Third, my peers in the course were an unexpected bonus. Many times, they'd ask a question that I hadn't thought of that turned out to be critical for a richer understanding of the material. Many of the students are also exceptionally talented programmers. I had the good fortune to have chosen my seat next to one of them and I picked up innumerable tips from him and was often saved from my own mistakes by his careful eyes. I still hear his voice when some piece of code just isn't behaving: "This code isn't doing what you think it's doing", and I realize that I need to take a different approach. It was also great to hear about the projects other students are working on and to hear how they're solving problems that arise. After the course, students join an alumni mailing list where Cocoa problems are discussed. It hasn't been an overly chatty forum and I've already picked up useful tips.
The test of any course is whether it works, and Cocoa Bootcamp does.

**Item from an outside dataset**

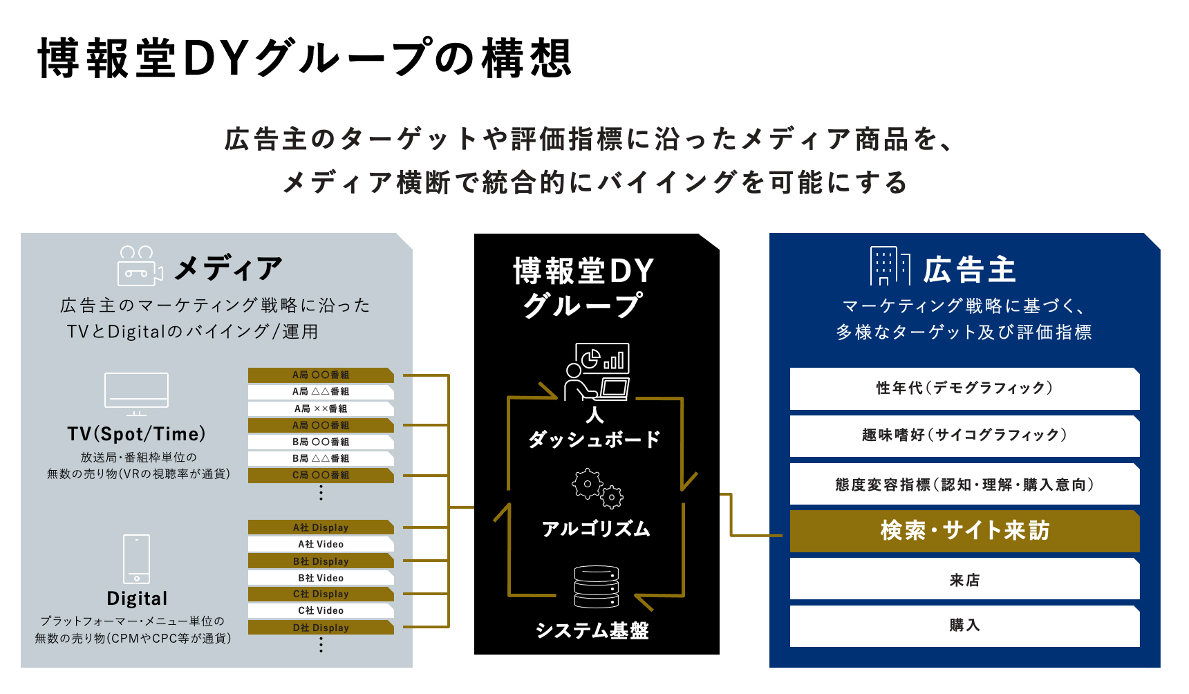 例えば、検索やサイト来訪や、認知やブランド好意をあげる等、目的に応じてテレビとデジタルを横断し、広告を提供していく。目的にダイレクトに応えていきます。

In the week I've been back, I've already made good progress in developing a new interface and new capabilities for my Analytic Rarefaction program and I hope to release it in a few weeks. I can also envision how to develop more ambitious programs that I've pondered for quite some time. Code examples on the web make more sense now, as do the code examples in Aaron's book. All of this makes it easier to modify those examples to suit my needs, and to see how other APIs can be applied to my problems. As Aaron presented the material, he was clearly focused on the long-term issue: how to turn students into independent learners. Not only did he discuss specific methods and classes, but he also showed how to get more information from the documentation and several useful websites.
Cocoa Bootcamp is a great course and if you're interested in developing for Mac OS X, you owe it to yourself to take it. The Big Nerd Ranch also offers courses on nearly a dozen other topics, so check out their offerings. You're sure to find one that will take your programming to a higher level.